→ **WORK TASK**
Return only the lines below starting at the line containing "- Curățați bine" and ending at the line containing "8月6日,陳紫函(明星經(j", both included, exactly as they are and with no pictures.

→ **RECORDS FOR THIS EXERCISE**
○ ○ ○ ○ ○
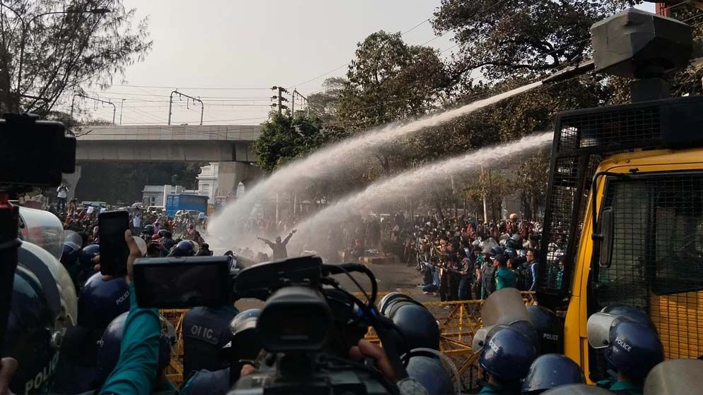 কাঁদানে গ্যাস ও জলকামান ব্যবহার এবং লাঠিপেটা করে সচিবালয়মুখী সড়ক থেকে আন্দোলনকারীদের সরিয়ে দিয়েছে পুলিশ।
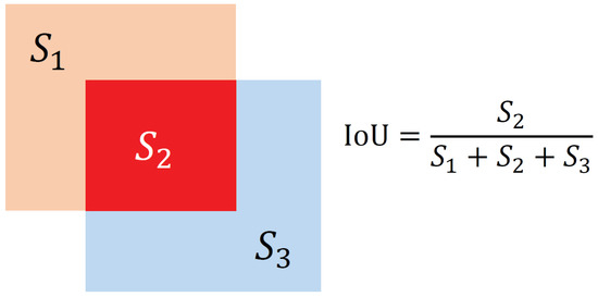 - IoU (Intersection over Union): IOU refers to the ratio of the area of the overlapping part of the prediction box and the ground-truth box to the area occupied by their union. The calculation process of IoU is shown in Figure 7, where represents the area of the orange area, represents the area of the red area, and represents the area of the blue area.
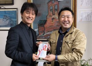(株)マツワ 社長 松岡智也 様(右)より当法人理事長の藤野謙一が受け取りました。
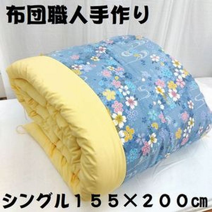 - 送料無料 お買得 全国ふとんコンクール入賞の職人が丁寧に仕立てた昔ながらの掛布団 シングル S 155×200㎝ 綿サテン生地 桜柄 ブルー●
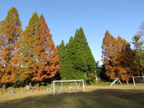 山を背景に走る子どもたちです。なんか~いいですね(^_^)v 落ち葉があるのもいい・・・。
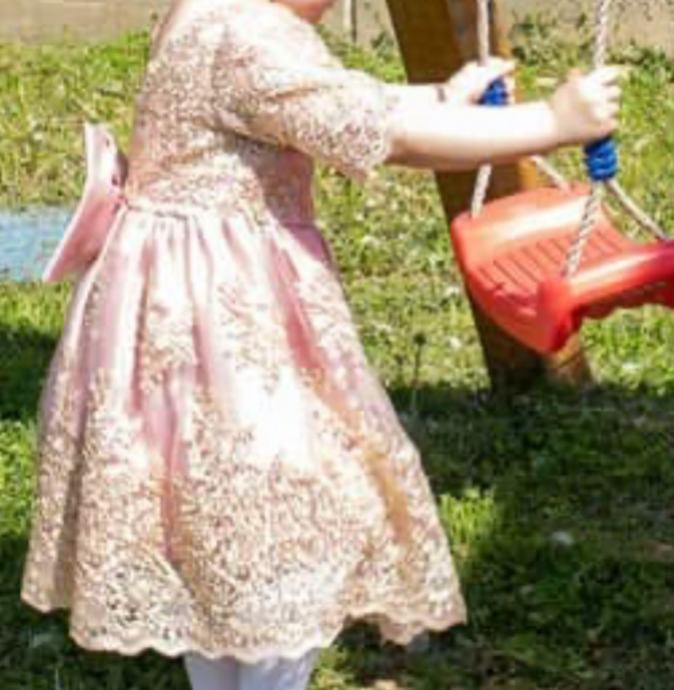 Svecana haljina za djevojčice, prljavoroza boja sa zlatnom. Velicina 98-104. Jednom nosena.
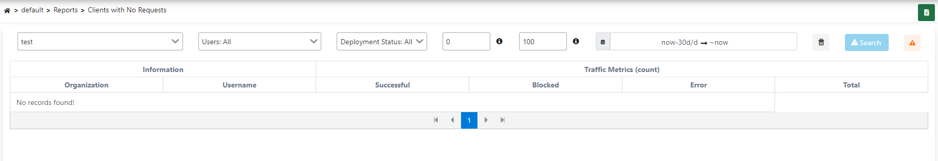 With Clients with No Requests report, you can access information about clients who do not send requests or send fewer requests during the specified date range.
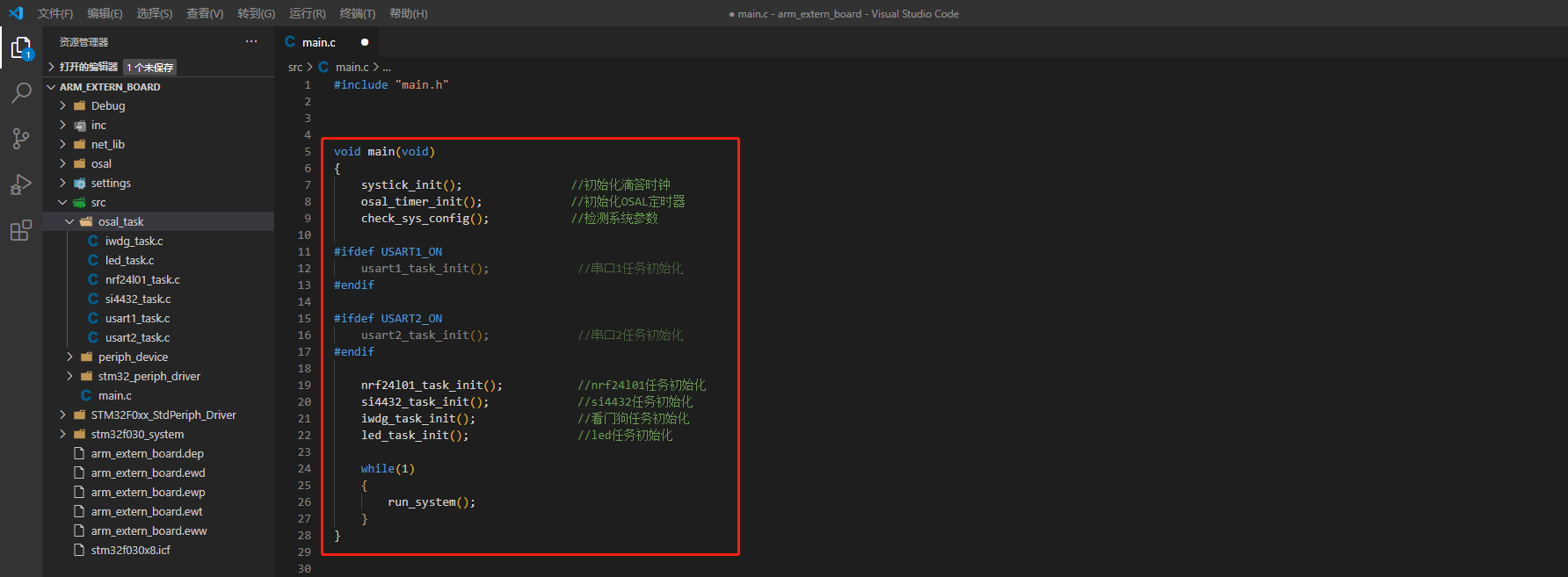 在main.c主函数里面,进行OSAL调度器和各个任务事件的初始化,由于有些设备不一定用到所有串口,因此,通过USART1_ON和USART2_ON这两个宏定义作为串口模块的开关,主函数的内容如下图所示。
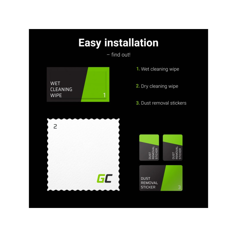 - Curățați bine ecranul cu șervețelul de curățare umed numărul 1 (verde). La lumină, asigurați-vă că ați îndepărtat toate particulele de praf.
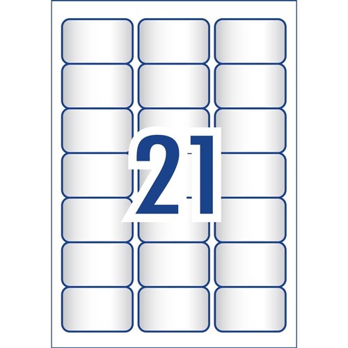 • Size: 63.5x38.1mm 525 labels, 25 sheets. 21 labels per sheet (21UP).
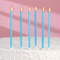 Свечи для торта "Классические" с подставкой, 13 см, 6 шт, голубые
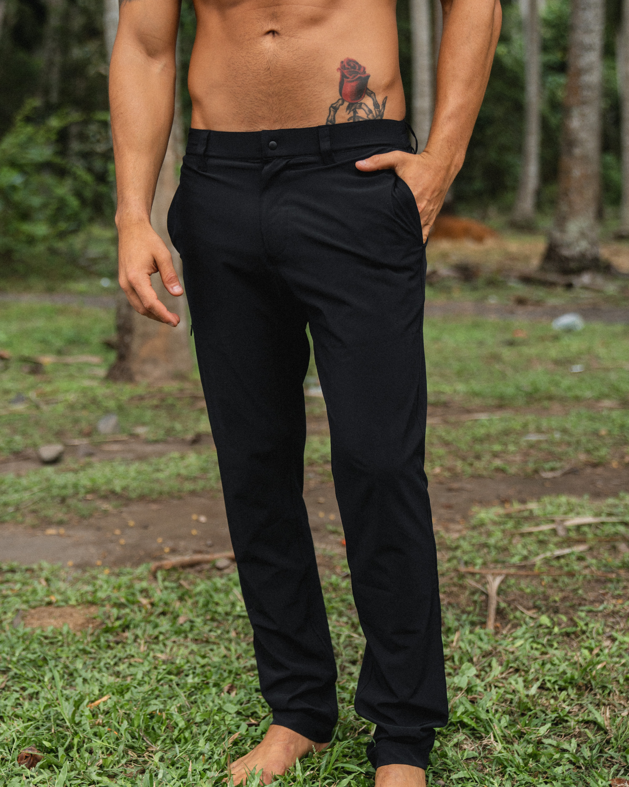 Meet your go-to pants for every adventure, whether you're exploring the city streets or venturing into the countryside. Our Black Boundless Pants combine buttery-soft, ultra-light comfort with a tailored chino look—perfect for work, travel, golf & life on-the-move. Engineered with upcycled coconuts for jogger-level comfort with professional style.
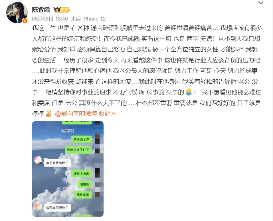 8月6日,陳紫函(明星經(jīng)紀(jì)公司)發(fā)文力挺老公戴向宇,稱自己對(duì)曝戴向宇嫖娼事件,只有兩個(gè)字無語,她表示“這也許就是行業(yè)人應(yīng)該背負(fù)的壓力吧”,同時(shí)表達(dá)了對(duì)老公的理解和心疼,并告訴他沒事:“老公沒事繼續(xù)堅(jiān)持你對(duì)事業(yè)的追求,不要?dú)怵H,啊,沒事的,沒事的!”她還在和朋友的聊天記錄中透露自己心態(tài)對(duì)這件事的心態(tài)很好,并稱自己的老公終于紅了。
○ ○ ○ ○ ○
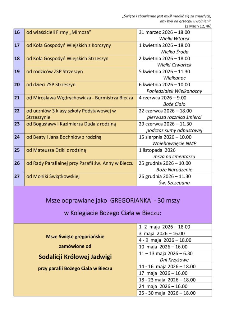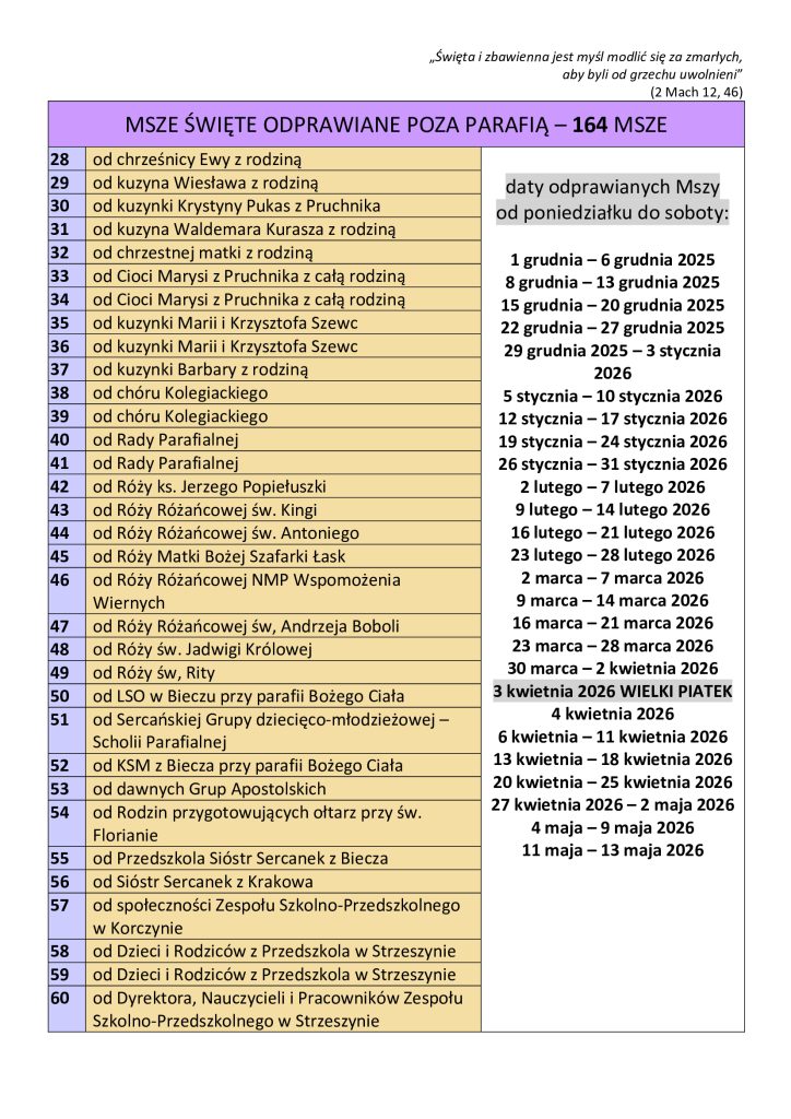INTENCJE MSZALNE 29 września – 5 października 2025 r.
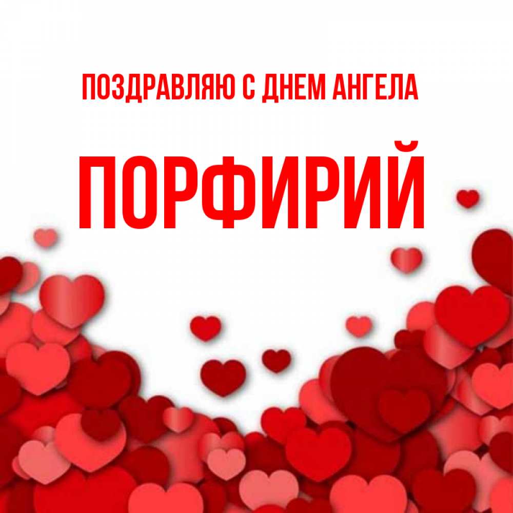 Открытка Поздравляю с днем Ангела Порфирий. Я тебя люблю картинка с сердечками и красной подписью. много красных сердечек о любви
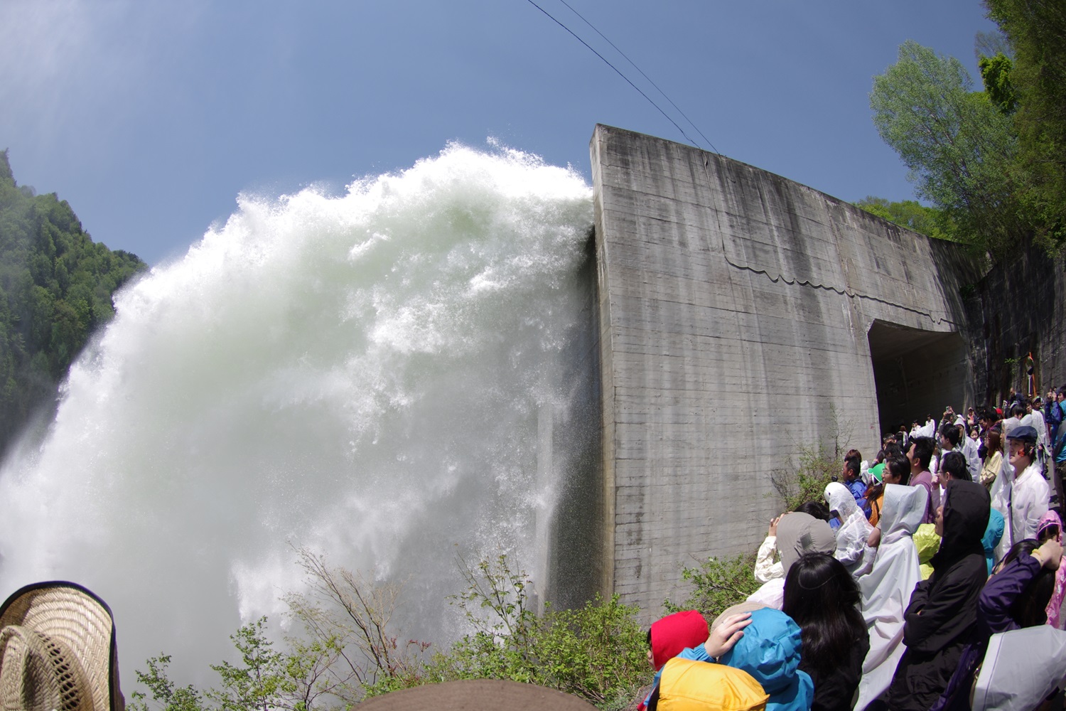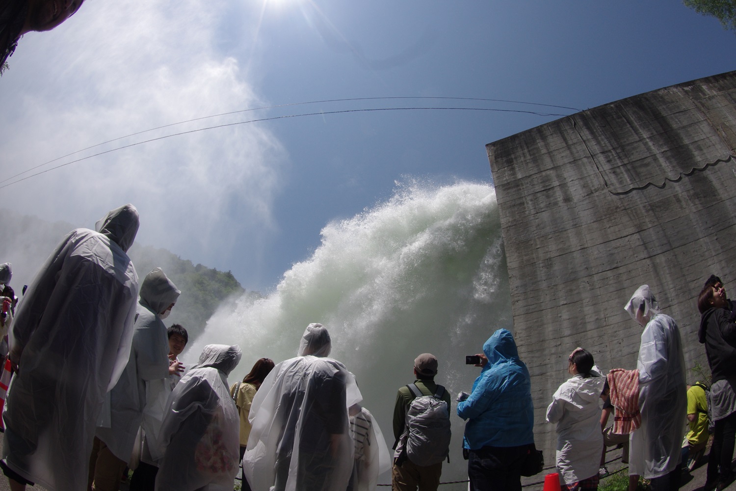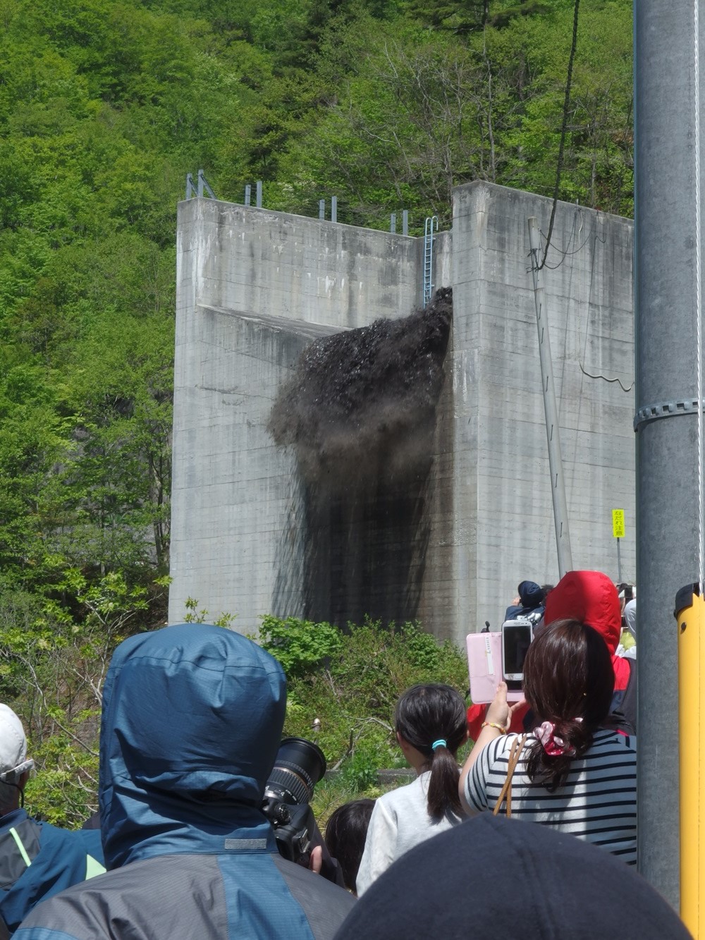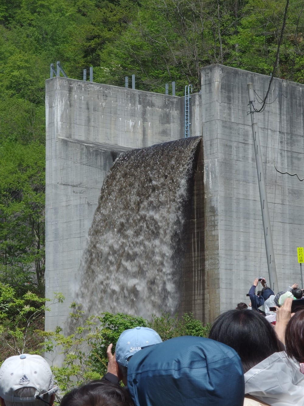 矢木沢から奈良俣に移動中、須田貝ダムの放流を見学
○ ○ ○ ○ ○
→ **ANSWER BELOW**
 - Curățați bine ecranul cu șervețelul de curățare umed numărul 1 (verde). La lumină, asigurați-vă că ați îndepărtat toate particulele de praf.
 • Size: 63.5x38.1mm 525 labels, 25 sheets. 21 labels per sheet (21UP).
 Свечи для торта "Классические" с подставкой, 13 см, 6 шт, голубые
 Meet your go-to pants for every adventure, whether you're exploring the city streets or venturing into the countryside. Our Black Boundless Pants combine buttery-soft, ultra-light comfort with a tailored chino look—perfect for work, travel, golf & life on-the-move. Engineered with upcycled coconuts for jogger-level comfort with professional style.
 8月6日,陳紫函(明星經(jīng)紀(jì)公司)發(fā)文力挺老公戴向宇,稱自己對(duì)曝戴向宇嫖娼事件,只有兩個(gè)字無語,她表示“這也許就是行業(yè)人應(yīng)該背負(fù)的壓力吧”,同時(shí)表達(dá)了對(duì)老公的理解和心疼,并告訴他沒事:“老公沒事繼續(xù)堅(jiān)持你對(duì)事業(yè)的追求,不要?dú)怵H,啊,沒事的,沒事的!”她還在和朋友的聊天記錄中透露自己心態(tài)對(duì)這件事的心態(tài)很好,并稱自己的老公終于紅了。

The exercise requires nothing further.